Bhesa nitidissima
- Conservation status: Critically Endangered (IUCN 2.3)

Scientific classification
- Kingdom: Plantae
- Clade: Tracheophytes
- Clade: Angiosperms
- Clade: Eudicots
- Clade: Rosids
- Order: Malpighiales
- Family: Centroplacaceae
- Genus: Bhesa
- Species: B. nitidissima
- Binomial name: Bhesa nitidissima Kosterm.

= Bhesa nitidissima =

- Genus: Bhesa
- Species: nitidissima
- Authority: Kosterm.
- Conservation status: CR

Species of flowering plant

Bhesa nitidissima is a species of flowering plant in the Centroplacaceae family. It is a tree endemic to Sri Lanka.

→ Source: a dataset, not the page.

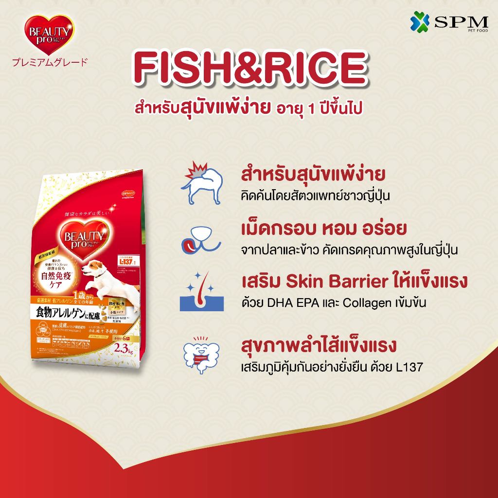 BeautyPro อาหารเม็ดสุนัขพรีเมียม สูตร Fish&Rice ปลาและข้าว สำหรับสุนัขแพ้ง่ายอายุ 1 ปี+ ขนาด 4.7 Kg.

The species was first described by André Joseph Guillaume Henri Kostermans in 1977.

==Description==
A tree with an average height of 20–30 m but can reach as high as 50 m. Bark is usually dark brown and deeply cracked on older specimens. The unique feature of the Bhesa genus within the Centroplacaceae family is its geniculate petioles; which essentially means that the leaf bends sharply away from the stalk. The petiole usually contains three vascular bundles. Seed germination is epigeal. Produces 3-4mm wide, greenish to white sessile flowers with 5 petals. The flowers produce greenish brown, oblong seeds encased in a thick gelatinous aril inside capsules up to 2.2 cm long.

==Ecology==
Endemic to Sri Lanka. Found mostly in low elevation wet zone forests, but have a recorded range of up to 1600 m. The tree flowers September through October and produces fruit November through December. Although listed as critically endangered in 1998, a 2017 handbook of Sri Lankan flora suggests the tree is now quite common.

==Uses==
The arils of Bhesa are a known human food source. The tree is occasionally used for timber. Extracts from this genus are used in traditional medicine, to cure vomiting and diarrhea.